How to find the minimum number of rooks present in the given situation on the chess board?

Question

I have the following question with me:

"Rooks are placed on the $n * n$ chess board satisfying the following condition:

If the square $(i,j)$ is free then there are at least n rooks on the $i^{th}$ row and $j^{th}$ column together. "
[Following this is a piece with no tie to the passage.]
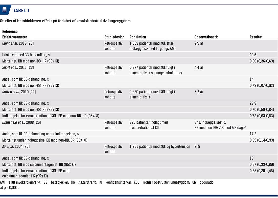 Resultater af en række af observationelle studier tyder på, at brug af betablokkere ved KOL kan være associeret til en bedre prognose (Tabel 1). I studiet af Quint et al [20], blev næsten 1.100 patienter med KOL observeret i tre år efter indlæggelse med førstegangsmyokardieinfarkt. Efter justering for lungefunktion og kardiovaskulære risikofaktorer som alder, køn og rygestatus m.m. fandt man en signifikant reduceret mortalitet på 50% blandt de patienter, som havde KOL og fik betablokkerbehandling ved udskrivelsen.

Show that there are at least $n^2/2$ rooks present on the board

I consider the row/column which has the minimum number of rooks, say $k$. If $k\geq n/2$ it is easy to show that

But I am unable to prove the statement for $k < n/2$. Can somebody please explan how to proceed?

Answer 1

Let $c_j$ be the number of rooks placed on $j$-th column and $r_i$ be the number of rooks placed on $i$-th row. The condition can be phrased as $$ (i,j) \text{ is free} \Rightarrow r_i + c_j \geq n. $$ Now, let $F $ be the family of free pairs $(i,j)$. Then, we have $$ \sum_{i=1}^n r_i = \sum_{j=1}^n c_j =n^2 -|F|, $$ and $$ n|F| \le \sum_{(i,j)\in F} (r_i + c_j).\tag{*} $$On the other hand, the RHS of $(*)$ can be computed as $$ \sum_{(i,j)\in F} (r_i + c_j) = \sum_{i=1}^n r_i(n-r_i) + \sum_{j=1}^n c_j(n-c_j) = 2n(n^2-|F|) -\sum_{i=1}^n r_i^2-\sum_{j=1}^n c_j^2. $$ since for each $i$-th row, the number of $j$ for which $(i,j)$ is free is $n-r_i$ and for each $j$-th column, it is $n-c_j$. By Cauchy-Schwarz, we have $$ \sum_{i=1}^n r_i^2\ge \frac{(\sum_{i=1}^nr_i)^2}{n} = \frac{(n^2-|F|)^2}{n} $$ and similarly for $\sum_{j=1}^n c_j^2$. Therefore, we get the bound $$ n|F| \leq 2n(n^2-|F|)-2\frac{(n^2-|F|)^2}{n}. $$ Multiply $n$ on both sides and we have $$ 2|F|^2 \le n^2 |F|. $$ This proves $|F|\le \frac{n^2}{2}$ as desired.

Answer 2

Let $c_i$ be the number of free cells in $i$-th column and

let $r_j$ be the number of free cells in $i$-th row.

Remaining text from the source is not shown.